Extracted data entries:
#####

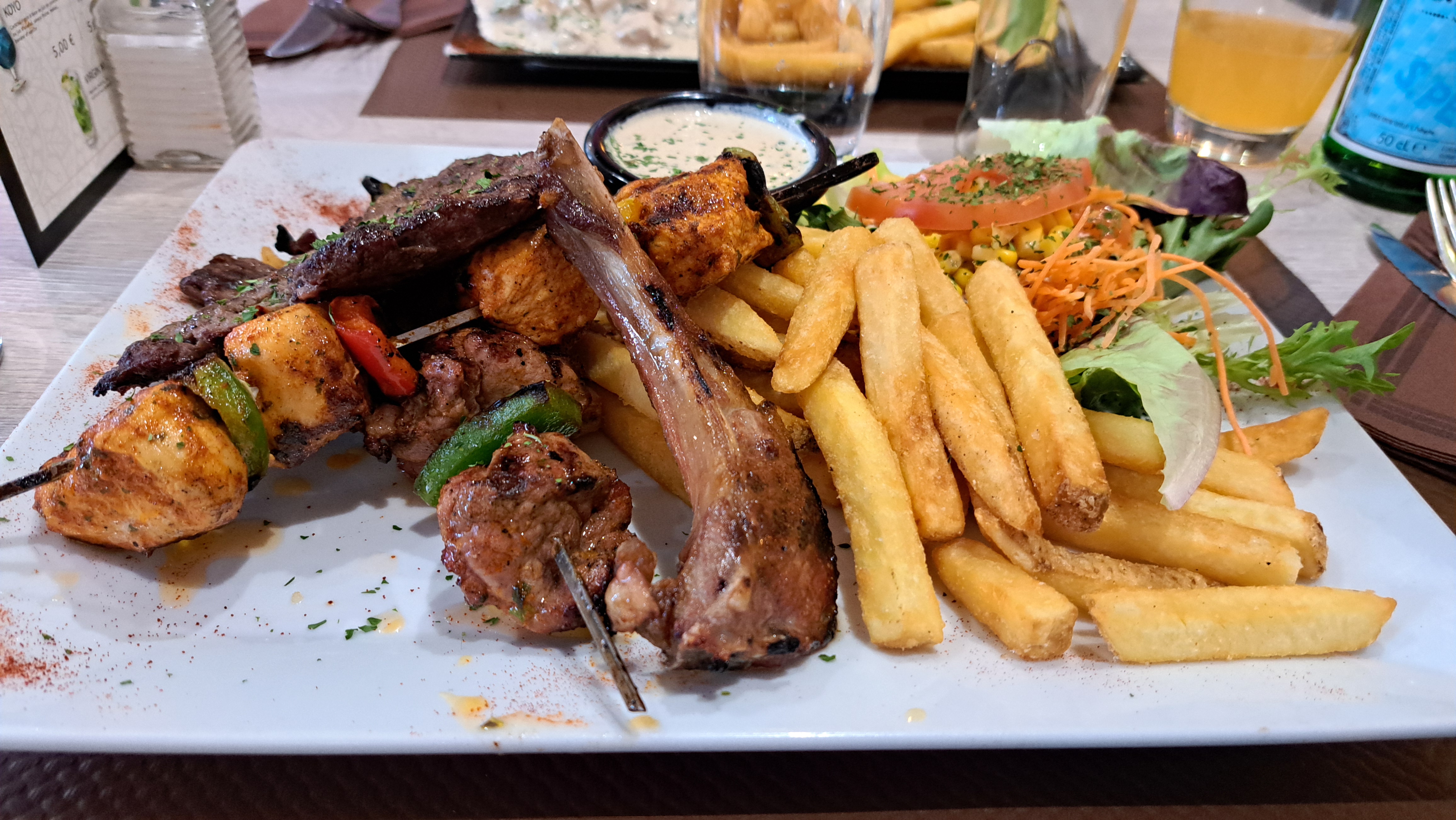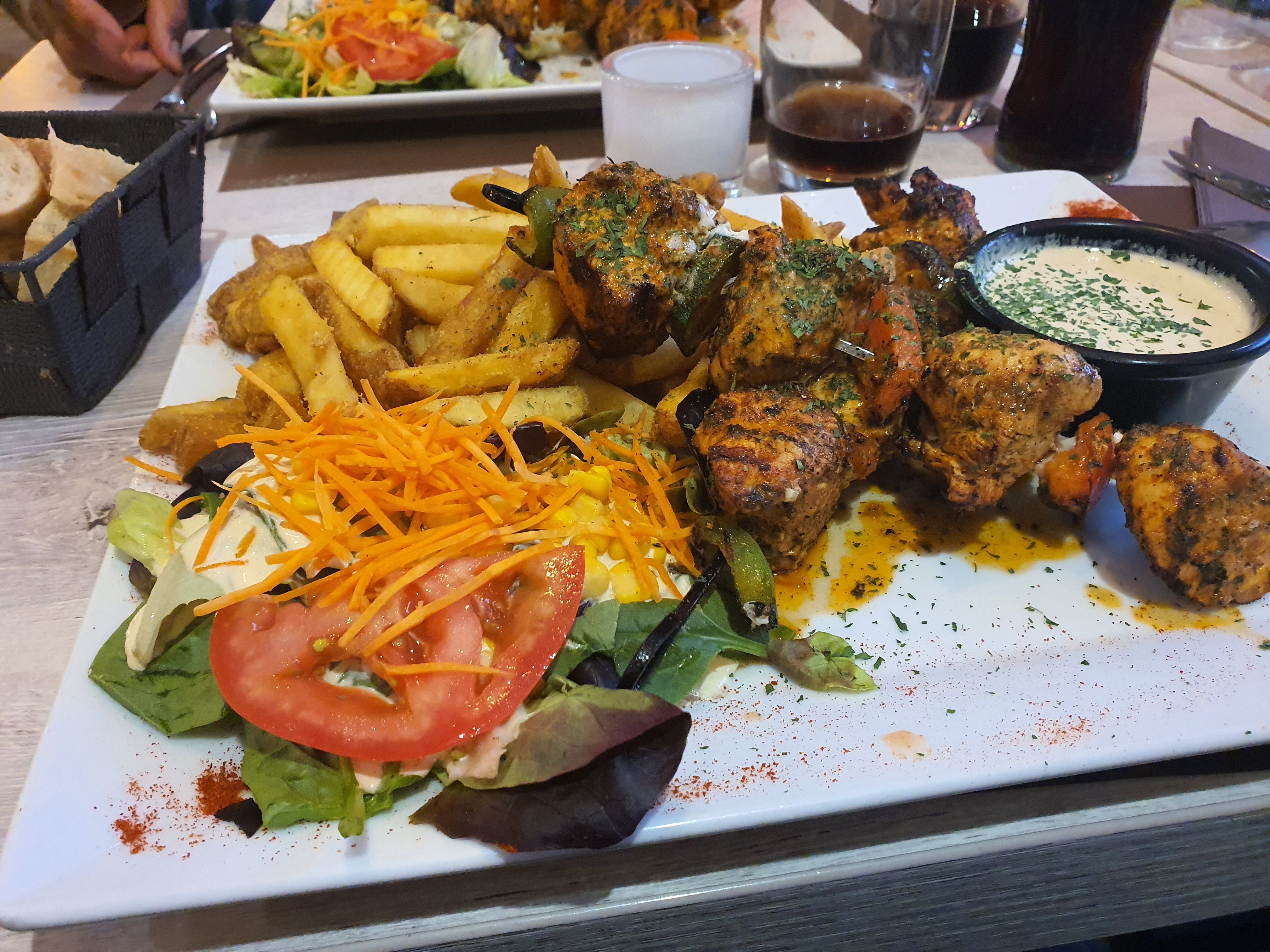 Endroit plutôt cosy, beau agencement. J’ai pris brochette de poulet frite et entrée. Les entrées dynamiques crevettes et dynamiques poulet une tuerie. La brochette de poulet est réalisée avec de gros morceaux de poulets, les frites sont un régal. À refaire sans problème
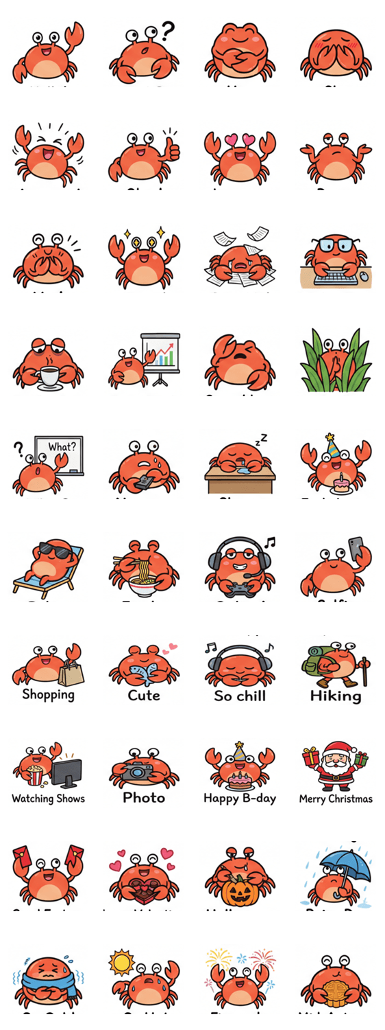 手描きのカニがチャットを彩ります!仕事のストレスや日々の気分をユーモラスに表現するのに最適です。
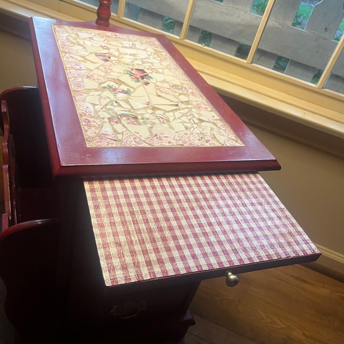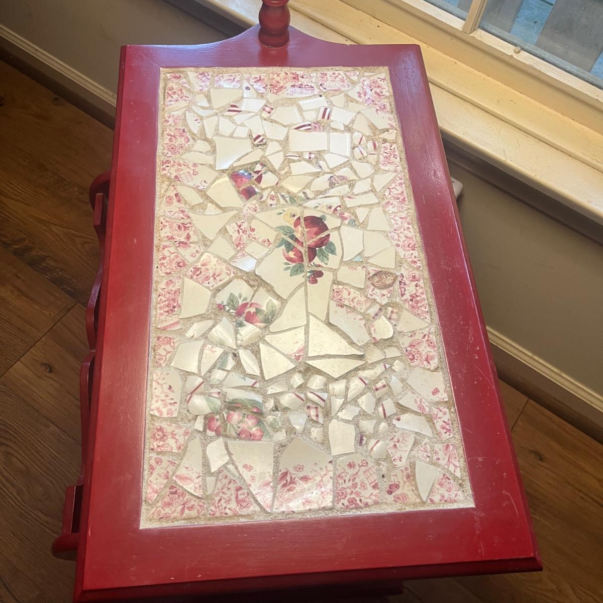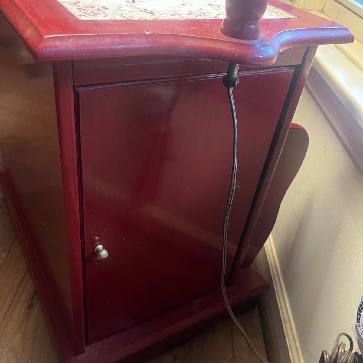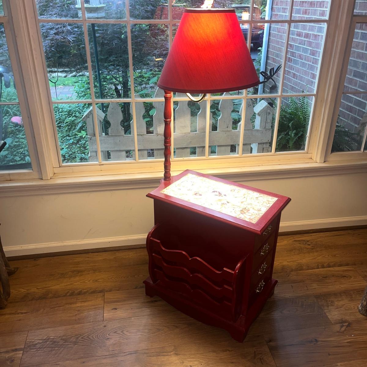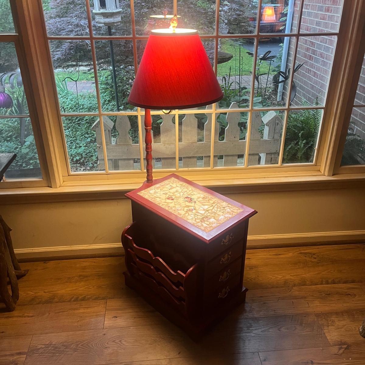 This unique side table has a mosaic top, attached lamp, storage cabinet underneath and a magazine rack on one side. Piece measures 16” x 24” x 53”H.
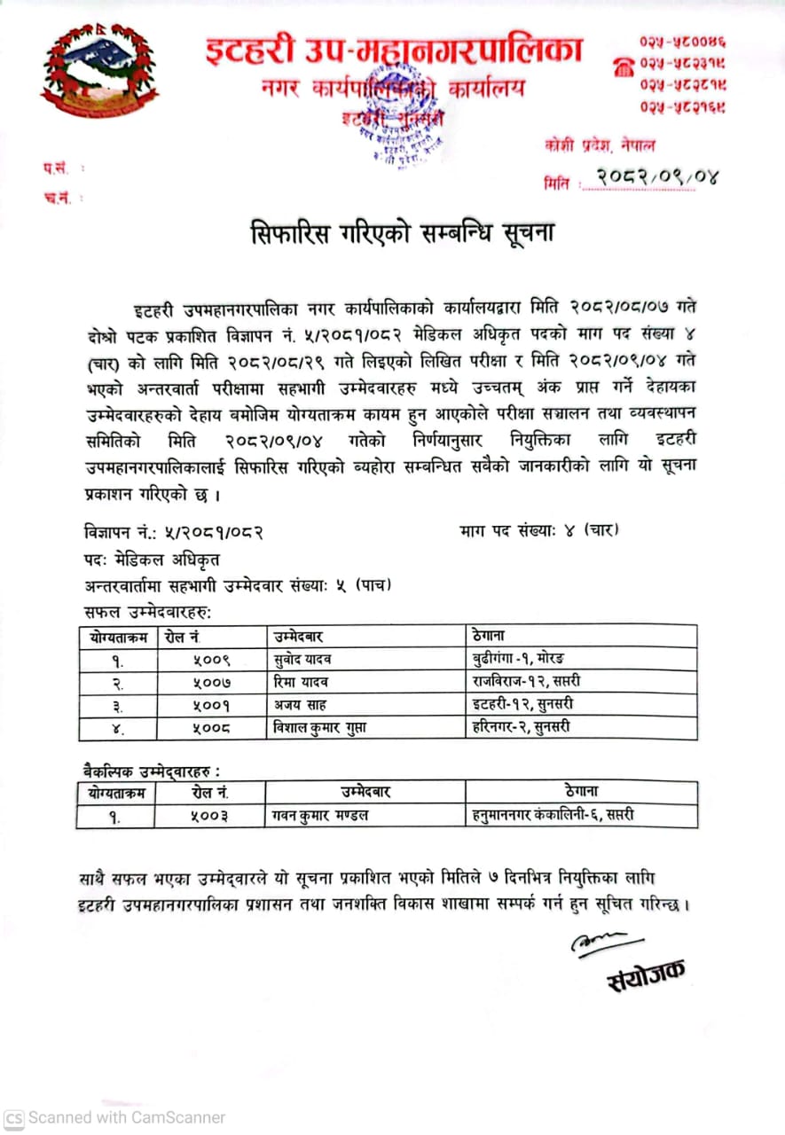 » सिफारिस गरिएको सम्बन्धि सूचना (मेडिकल अधिकृत - २०८२-०९-०४)
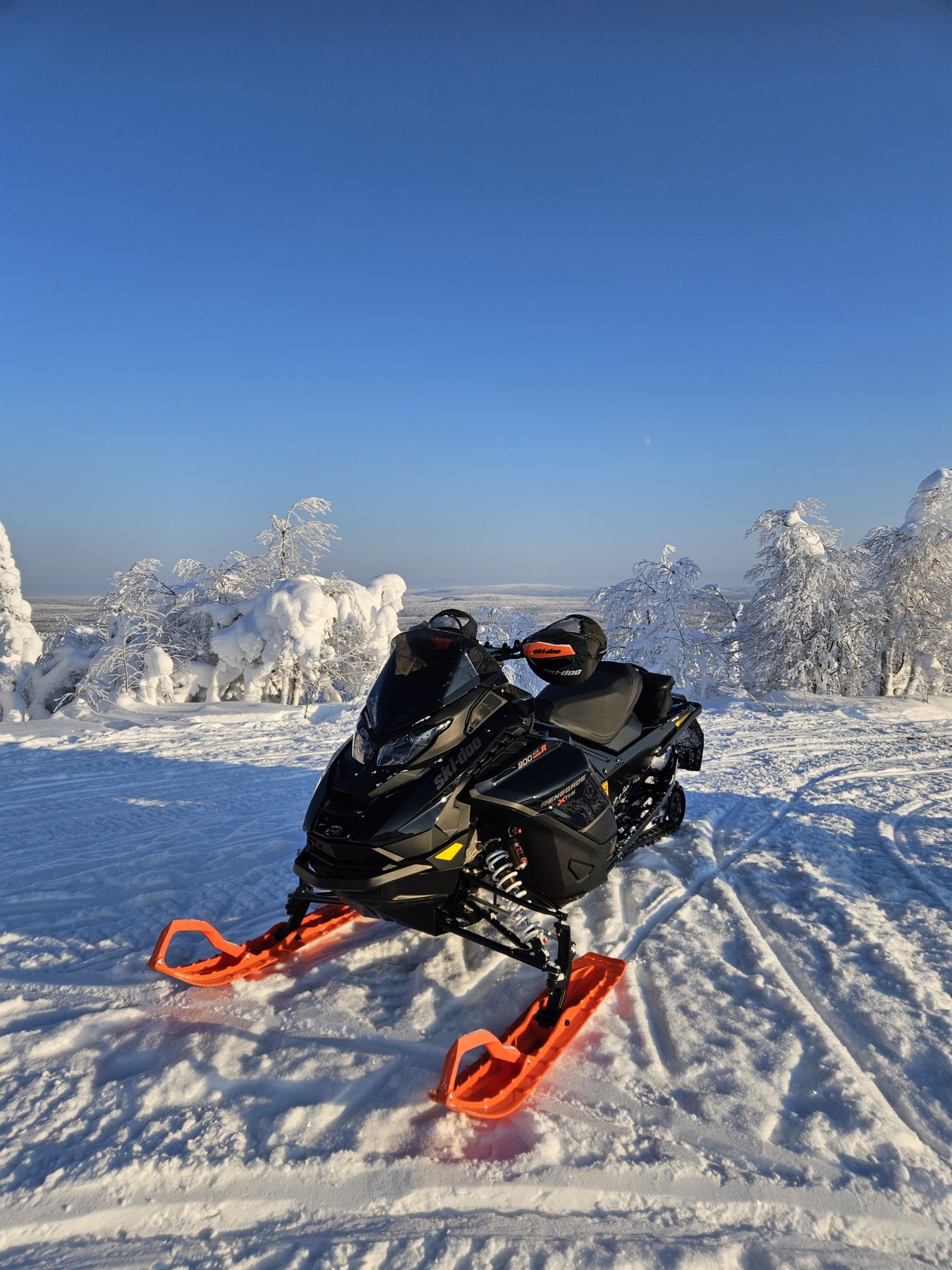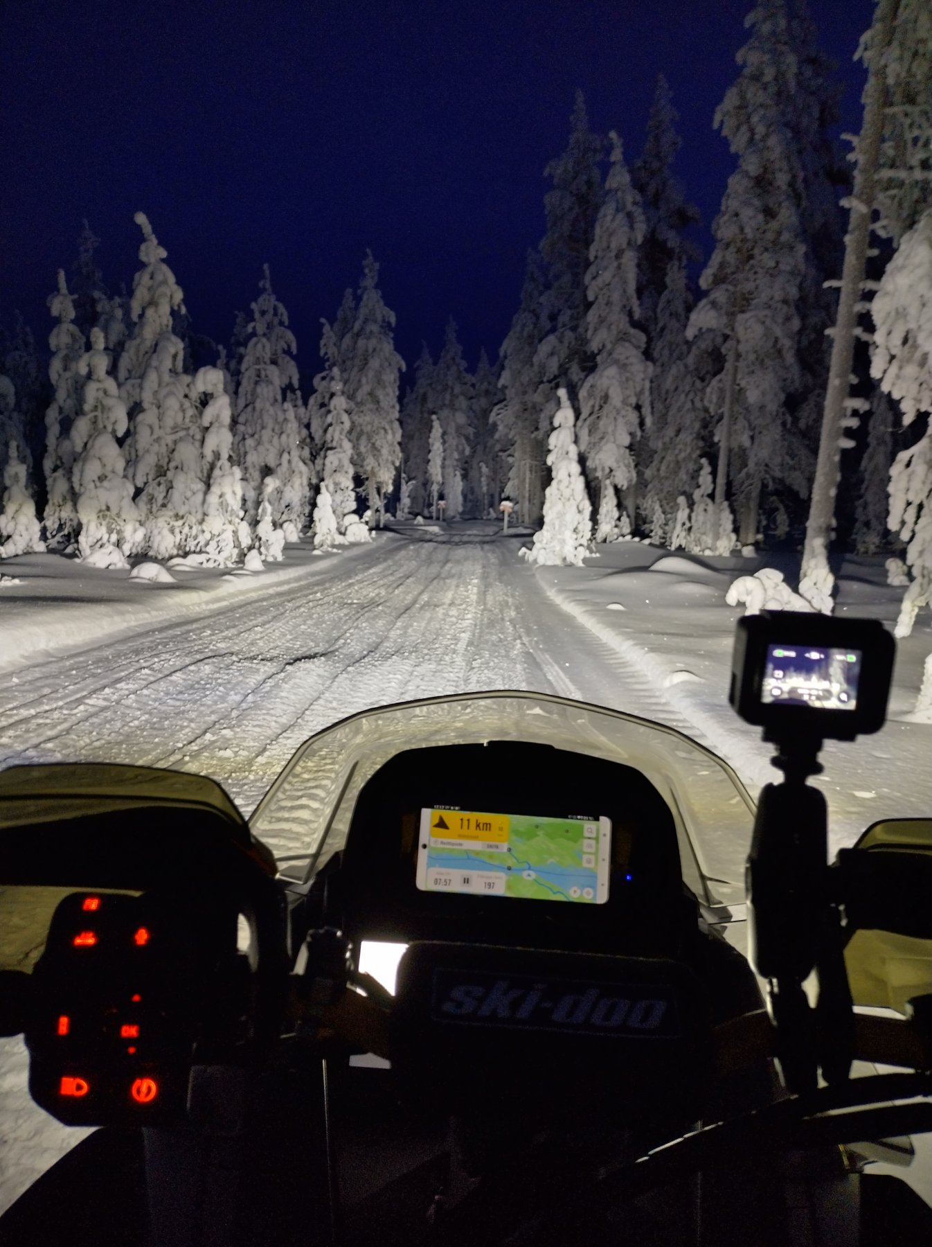 Hotellin aamupalaa ootellesa jatketaan vielä... Onko sulla siis samat tuuliohjaimet ja tuulilasi kuin mulla? Näkyy tänne laittamassani kuvasa. Jos on ja ei auta. Seuraava apu on lämpöistuin. On pirun kallis, mutta lämmittää tehokkaasti. Itse käytän lämmitystä tauoilta lähtiesä vähän aikaa ja sitten otan pois päältä. Siinä on kaksi tehoa ja pienempi teho vois olla jatkuvaan käyttöön ok. Lisävalot sivuilla voi myös vaikuttaa viimaan, mulla ollut nämä molemmissa Gen5 kelkoisa koko ajan paikollaan, niin en täyttä varmuutta osaa sanoa. Pirun kalliit nekin, mutta tuplaavat valotehon lähelle ja tekevät pimeäsä ajon paljon helpommaksi, eli suosittelen näitäkin jos vielä viimaankin vaikuttavat. Ja sitten on se vaatetus, mikä tuntuu arka aihe täällä olevan Enkä todellakaan aja paksuisa ja raskaisa kamppeisa, Skidoon ajopuku on huomattavan kevyt verrattuna aiemmin käyttämiini. Ajopuvun alla Graftin tuulisuojilla varustettu tekninen kerrasto ja 509 kevyehkö suojaliivi. Kovemmilla pakkasilla laitan Skidoon fleecepuseron vielä päälle. Kypäränä käytän BRP Exome Sport lämpövisiirillä ja Linq sähköillä. Ajohanskoiksi ostin tälle talvea Klimin gore-tex hanskat ja gore-tex toimii hanskoissakin loistavasti. Ajokengät on Scottin irrotettavilla sisävuorilla olevat. Ja en edelleenkään itse ole näillä varusteilla ja vaatetuksella Gen5 kelkoisa huomannut mitään kylmyyttä ajoviimasta. Aamupalalle ja kelkkareissulle Kuusamosta Hossaan...

#####

**WHAT YOU NEED TO DO:**
Only the text of the records belongs in your answer, repeated exactly; the pictures stay out.

**RESULT OF THE EXERCISE:**
 Endroit plutôt cosy, beau agencement. J’ai pris brochette de poulet frite et entrée. Les entrées dynamiques crevettes et dynamiques poulet une tuerie. La brochette de poulet est réalisée avec de gros morceaux de poulets, les frites sont un régal. À refaire sans problème
 手描きのカニがチャットを彩ります!仕事のストレスや日々の気分をユーモラスに表現するのに最適です。
 This unique side table has a mosaic top, attached lamp, storage cabinet underneath and a magazine rack on one side. Piece measures 16” x 24” x 53”H.
 » सिफारिस गरिएको सम्बन्धि सूचना (मेडिकल अधिकृत - २०८२-०९-०४)
 Hotellin aamupalaa ootellesa jatketaan vielä... Onko sulla siis samat tuuliohjaimet ja tuulilasi kuin mulla? Näkyy tänne laittamassani kuvasa. Jos on ja ei auta. Seuraava apu on lämpöistuin. On pirun kallis, mutta lämmittää tehokkaasti. Itse käytän lämmitystä tauoilta lähtiesä vähän aikaa ja sitten otan pois päältä. Siinä on kaksi tehoa ja pienempi teho vois olla jatkuvaan käyttöön ok. Lisävalot sivuilla voi myös vaikuttaa viimaan, mulla ollut nämä molemmissa Gen5 kelkoisa koko ajan paikollaan, niin en täyttä varmuutta osaa sanoa. Pirun kalliit nekin, mutta tuplaavat valotehon lähelle ja tekevät pimeäsä ajon paljon helpommaksi, eli suosittelen näitäkin jos vielä viimaankin vaikuttavat. Ja sitten on se vaatetus, mikä tuntuu arka aihe täällä olevan Enkä todellakaan aja paksuisa ja raskaisa kamppeisa, Skidoon ajopuku on huomattavan kevyt verrattuna aiemmin käyttämiini. Ajopuvun alla Graftin tuulisuojilla varustettu tekninen kerrasto ja 509 kevyehkö suojaliivi. Kovemmilla pakkasilla laitan Skidoon fleecepuseron vielä päälle. Kypäränä käytän BRP Exome Sport lämpövisiirillä ja Linq sähköillä. Ajohanskoiksi ostin tälle talvea Klimin gore-tex hanskat ja gore-tex toimii hanskoissakin loistavasti. Ajokengät on Scottin irrotettavilla sisävuorilla olevat. Ja en edelleenkään itse ole näillä varusteilla ja vaatetuksella Gen5 kelkoisa huomannut mitään kylmyyttä ajoviimasta. Aamupalalle ja kelkkareissulle Kuusamosta Hossaan...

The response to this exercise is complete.